В это время в иных измерениях, в Мирах эсков…
 
   – Тебе не кажется, Эйви, – голос Селианы был строг, – что твои действия несколько не соответствуют нормам, принятым нами, эсками? Правилам, касающимся отношения Магов к Юным? Какого Хаоса ты устроила этот спектакль на военном корабле Страны-между-Океанами? Кто дал тебе право изображать из себя Карающего Посланца?

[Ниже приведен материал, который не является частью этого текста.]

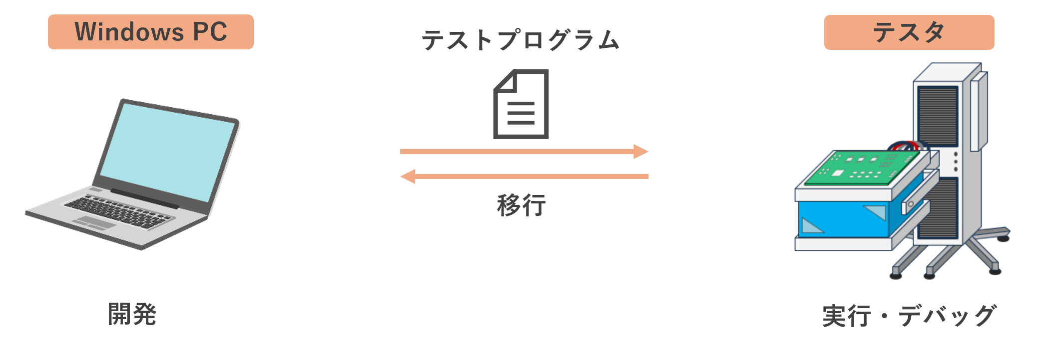 実機テスタへのデータ移行はテストプログラムを移すだけです。

А не пришла ли тебе в голову простая мысль: сумею ли я управиться с Мечом Демонов так, чтобы не прервать своё собственное воплощение? Успею ли я скользнуть в другое измерение и избежать испепеляющей мощи Меча? Это очень непростая задача даже для гораздо более опытного Мага, чем ты, Эйви. А если бы ты вызвала самую настоящую катастрофу, которая привела бы к гибели Третьей? Не забывай, ты появилась там, в хранилище боезарядов, во время войны!
   – Мудрая, – почтительно ответила Эйви, опустив глаза, – я считала, что мои действия совпадают с намерениями Королевы – она ведь вовсе не испытывает чрезмерной приязни к этому Миру. Разве не так?
   «Ого! Да она действительно способная девочка, если сумела проникнуть в тайные мысли Эн-Риэнанты! Не зря мы выдернули её тогда, семьдесят лет назад. И всё-таки…».
   Селиана размышляла спокойно – она была уверена, что через её защиту Спасённой не пробиться. А само наличие защиты никаких обид (если понятия «обида» и «сверхсущество» вообще совместимы) никогда не вызывало – старшие прикрывают свои мысли от младших, и это естественно. Среди эсков-Магов существует определённый этикет общения.
   – Намерения Звёздной Владычицы и Королевы Объединения становятся для всех её Магов руководством к действию тогда, – и только тогда! – когда эти намерения высказаны, а не подслушаны, – холодно изрекла Глава Синклита. – Это понятно?
   – Да, Мудрая, понятно, – подтвердила Эйви с той же почтительностью.
   – Вот и прекрасно. Далее: почему ты прервала воплощения этих людей? Обоих – и моряка, и журналиста? Ведь они были совершенно беззащитны перед тобой! Раньше – при спасении Лиэз, например, – за тобой такого не замечалось.
   – Моряк не так понял всё то, что узнал, – объяснила Спасённая. – У меня возникло опасение, что полученная им информация, неверно доведённая до сведения других Носителей Разума на Третьей, скорее принесёт вред – вред всей этой Юной Расе, – чем пользу. С журналистом – то же самое. И поэтому…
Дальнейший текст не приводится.